Common challenges include disconnected systems, inconsistent data, unclear ownership, limited internal expertise, and difficulty tying AI initiatives to measurable business value. Manufacturers may also face change management concerns if teams do not understand how AI will support their work. - How do ERP and MES systems support AI in manufacturing?
ERP and MES systems provide the connected business and shop floor data that AI depends on. ERP helps unify information related to operations, inventory, supply chain, and finance, while MES helps capture real-time production and machine data. Together, they create a stronger foundation for automation and faster decision-making. - How do manufacturers measure ROI from AI?

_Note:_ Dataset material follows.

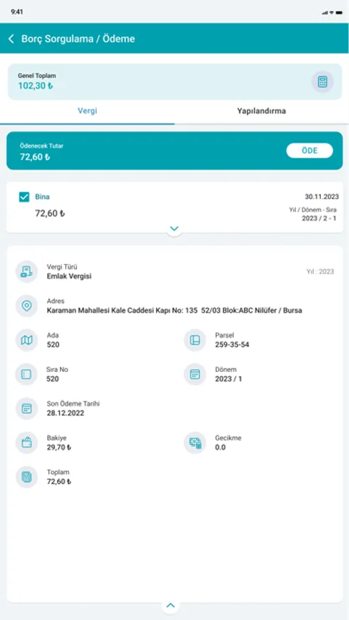 Ödeme İşlemleri Modülünde; Tüzel kişiler sicil no ve şifre girerek geçmişe yönelik olarak bütün borçları, borç türlerini, dönemi, borcunu ve gecikme zammını görebilmekte ve listedeki borç kalemlerini işaretleyerek istediklerinin ödemesini sanal pos vasıtasıyla kredi kartı bilgilerini girerek 2D veya 3D Secure seçenekleriyle güvenli bir şekilde gerçekleştirebilmektedir. Ödeme yapıldıktan sonra oluşan dekontu görüntüleyebilmekte ve e-posta ile istenilen adrese gönderilebilmektedir. Üye kaydı olmadan Hızlı Ödeme seçeneği ile vergi no veya TC Kimlik no girerek borç ödeme işlemi gerçekleştirilmektedir. Mükellefler isteği taktirde geçmiş dönem ödemelerini Sicil, TC Kimlik ya da Vergi No ile giriş yaparak listeleyebilmektedir.

Manufacturers can measure AI ROI by tracking KPIs like scrap reduction, uptime improvements, cycle time, forecast accuracy, labor efficiency, and on-time delivery. Establishing baseline metrics before implementation makes it easier to demonstrate value over time. - What should manufacturers look for in an AI technology partner?
Manufacturers should look for a partner with deep industry experience, practical AI use cases, strong governance and security practices, and a clear roadmap for integrating AI into existing workflows. It also helps to choose a provider that understands manufacturing data structures and can support adoption with proven tools and expertise.